Arts University Bournemouth
- Former names: Arts University College at Bournemouth (AUCB), Arts Institute at Bournemouth (AIB), Bournemouth and Poole College of Art and Design
- Type: Public
- Established: 1880; 146 years ago
- Budget: £4,159,000 (2013–2014)
- Chairman: Dorothy MacKenzie
- Vice-Chancellor: Lisa Mann
- Academic staff: 380 (2013–2014)
- Administrative staff: 165 (2013–2014)
- Students: 3,740 (2024/25)
- Undergraduates: 3,395 (2024/25)
- Postgraduates: 345 (2024/25)
- Location: Poole, England, UK 50°44′29.2″N 1°53′52.1″W﻿ / ﻿50.741444°N 1.897806°W
- Campus: Wallisdown Campus;
- Website: aub.ac.uk

= Arts University Bournemouth =

English art and media university

Arts University Bournemouth (abbreviated AUB) is a public university in Poole, England, specialising in art, architecture, film, performance, and design.
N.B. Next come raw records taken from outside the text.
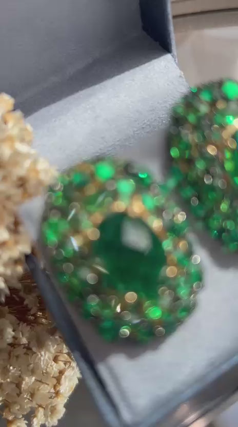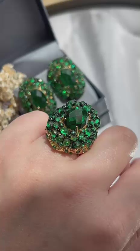 Conjunto Brinco e Anel Oval Maxi Verde Esmeralda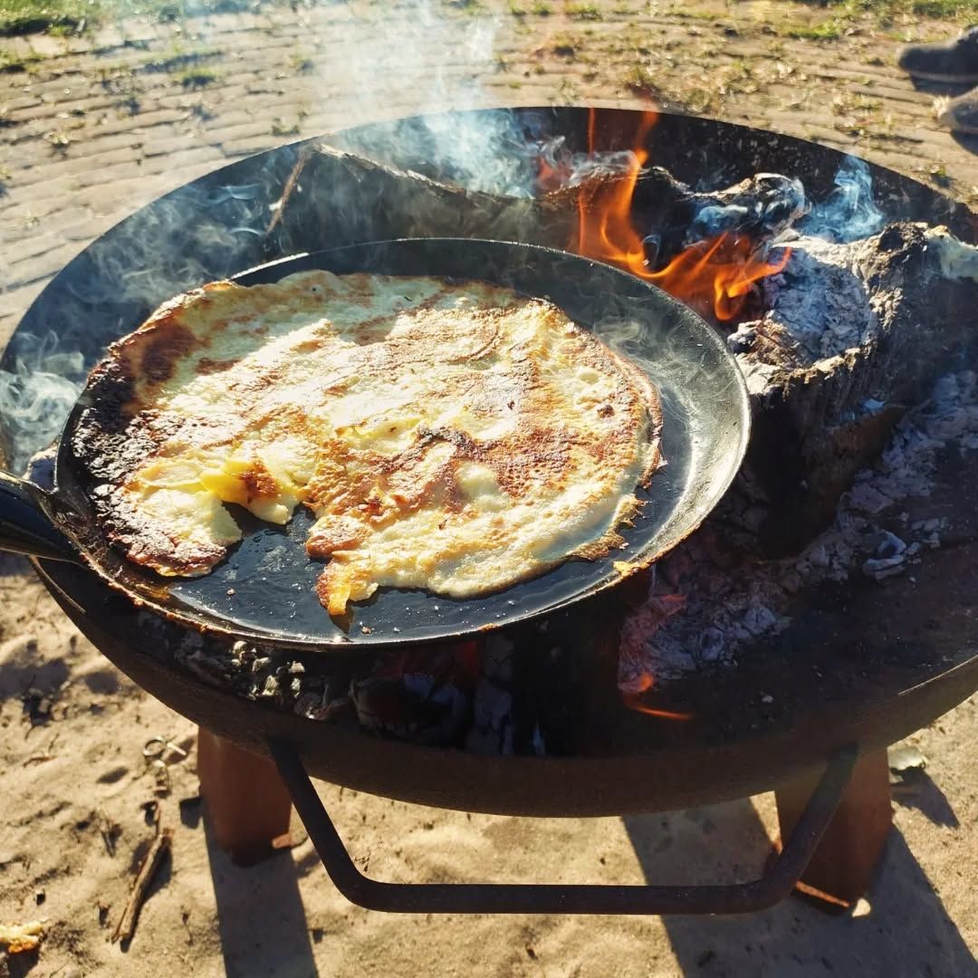 Beleef de charme van buiten koken en bak je eigen pannenkoeken boven een knisperend (zelfgestookt) vuurtje! Met een speciale pan op lange steel sta je gezellig rond het vuur terwijl het beslag langzaam verandert in een goudbruine pannenkoek. De geur van houtrook, het knetteren van het vuur en het plezier van zelf bakken, maken dit tot een unieke en smakelijke belevenis voor jong en oud!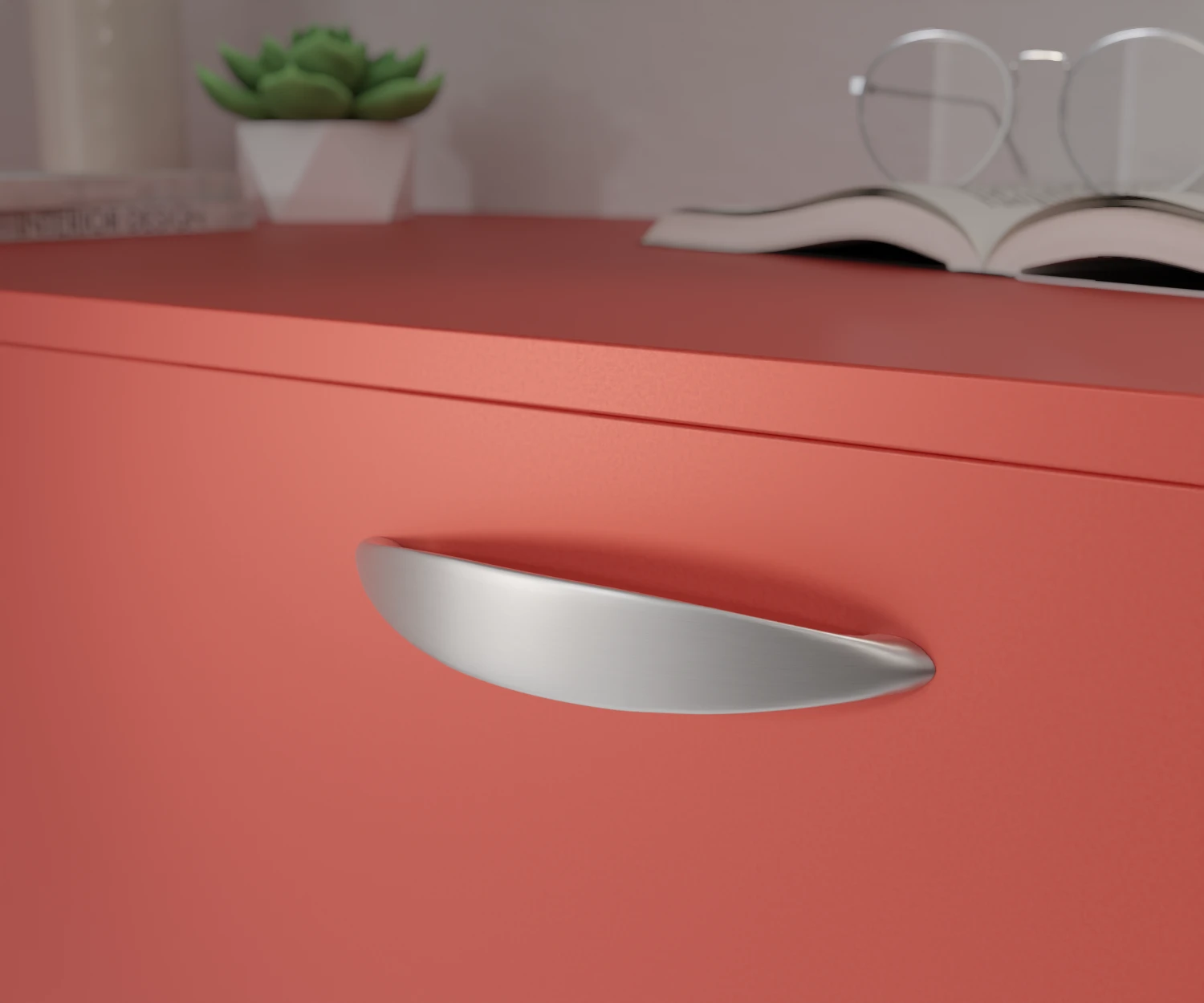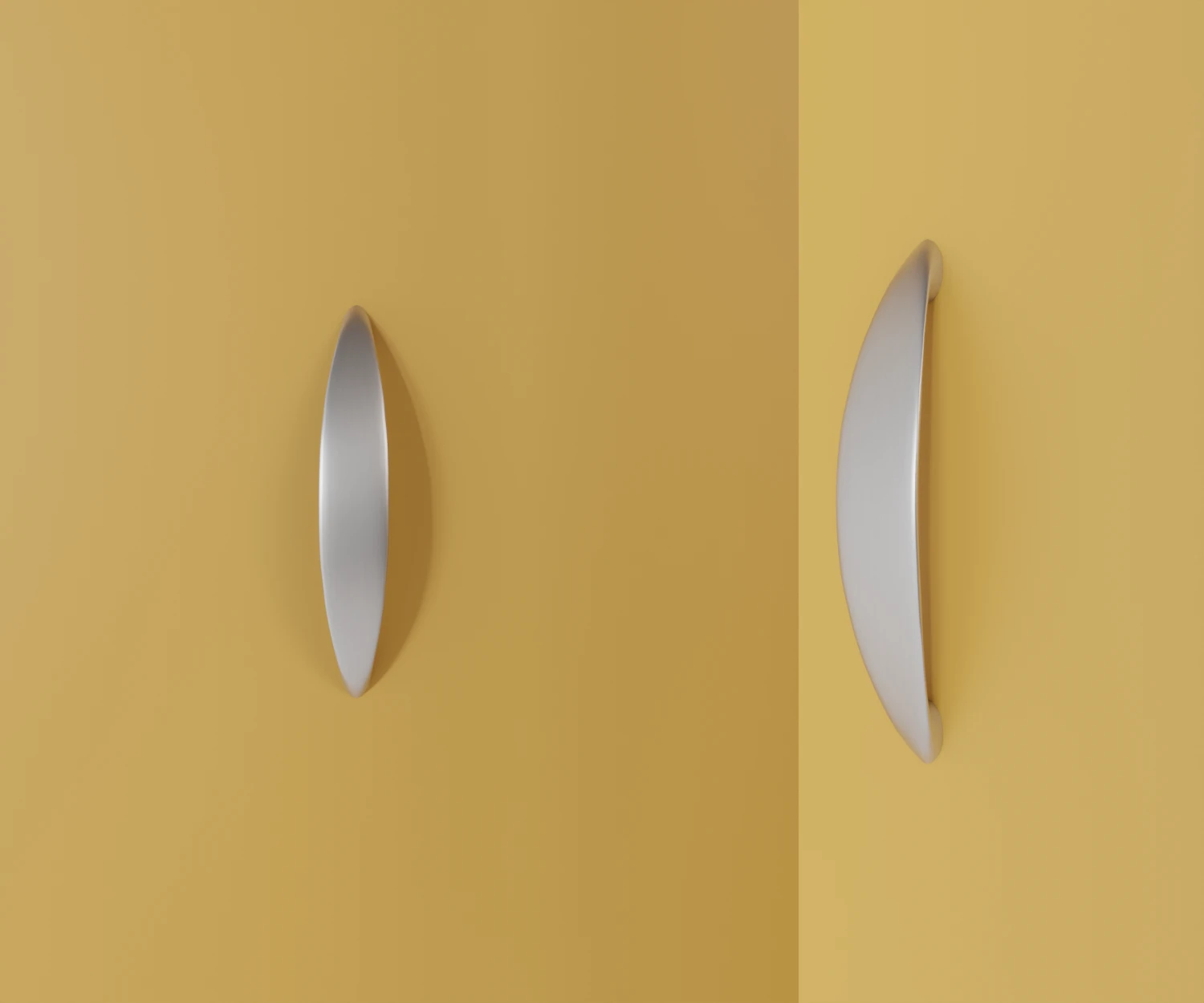 Dieser Griff begeistert mit seiner sanft geschwungenen, fast skulpturalen Form, die wie aus einem Guss wirkt. Die harmonisch verlaufenden Linien erzeugen ein weiches, elegantes Gesamtbild – ideal für designorientierte Räume, die Wert auf subtile Raffinesse und ein angenehmes Griffgefühl legen.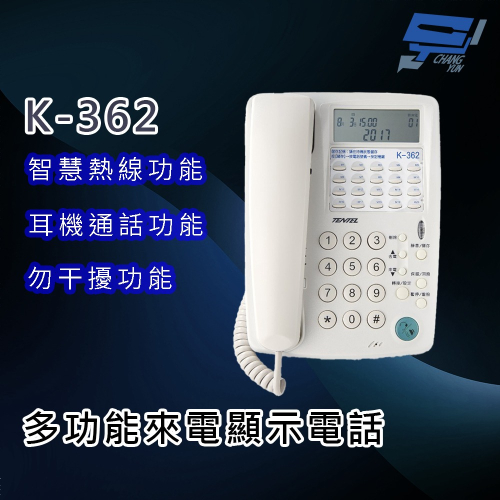 具來電顯示功能(FSK/DTMF 雙模),可動態儲存最多100組來電號碼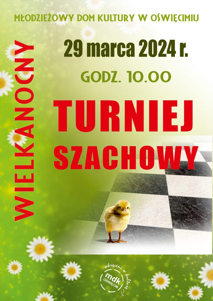 WIELKANOCNY TURNIEJ SZACHOWY 19 marca, 2024 Category: Konkursy, Aktualności Możliwość komentowania WIELKANOCNY TURNIEJ SZACHOWY została wyłączona Post Views: 469 Serdecznie zapraszamy na Wielkanocny Turniej Szachowy, który odbędzie się 29 marca w MDK o g.10.00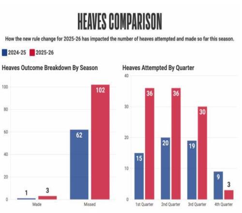 这一切,都源于2025-26赛季引入的一项新规则。联盟调整了对每节读秒阶段那些“绝望出手”的统计方式,希望能让这些投篮真正被当回事儿。而一个意想不到的结果是:球迷们现在更愿意留在座位上,直到每节比赛真正结束——生怕一不留神,就错过了那些可能点燃全场、甚至扭转战局的神奇压哨球。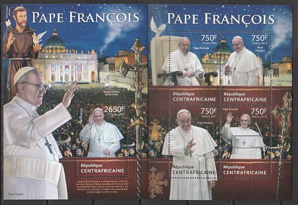 ЦАР 2013 год. Папа Римский Франциск, малый лист + блок.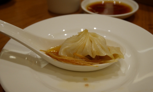 醤油とお酢につけた針生姜と一緒に、レンゲでいただきます。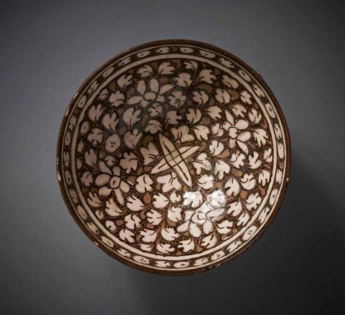 Textiles that were traded along the Silk Route were the most common way in which ideas and decorative motifs such as lotuses, dragons, and sphinxes were transferred between China and Iran. With the Mongol conquests of the thirteenth century, and the conversion of the Mongol Ilkhanid dynasty to Islam, Iranian potters began using these imported motifs in their designs. Here, the bowl is decorated with a mass of leaves surrounding lotus flowers. The bowl draws its influence from green-glazed stoneware known as celadon that was imported from China during the fourteenth century. The painted arcade panelling on the exterior of the bowl is a local rendition of the moulded form of the Chinese origin. This bowl, along with several other exquisite examples in the Aga Khan Museum’s collection, are attributed to the city of Sultanabad in western Iran.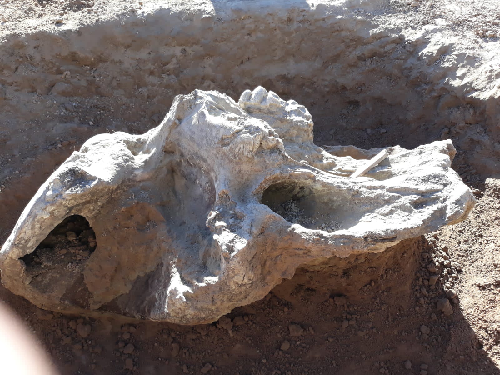 La Municipalidad de Navarro, a través de las Direcciones de Turismo y Cultura y el museo paleontológico Pampa Fósil, lamentan anunciar que fue encontrada rota in situ, una cabeza de mastodonte que había sido hallada en nuestro pueblo.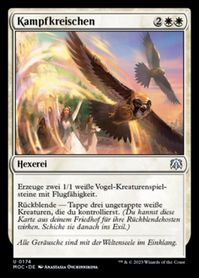 | Rules | Create two 1/1 white Bird creature tokens with flying. Flashback—Tap three untapped white creatures you control. (You may cast this card from your graveyard for its flashback cost. Then exile it.) |

Established in 1880, the university has been ranked Silver and Gold by the Teaching Excellence Framework in 2017, and was rated Outstanding by Ofsted, having retained this highest ranking since 2018. The Bournemouth Film School, a division of the university, was established in 1963 and is a full member of CILECT.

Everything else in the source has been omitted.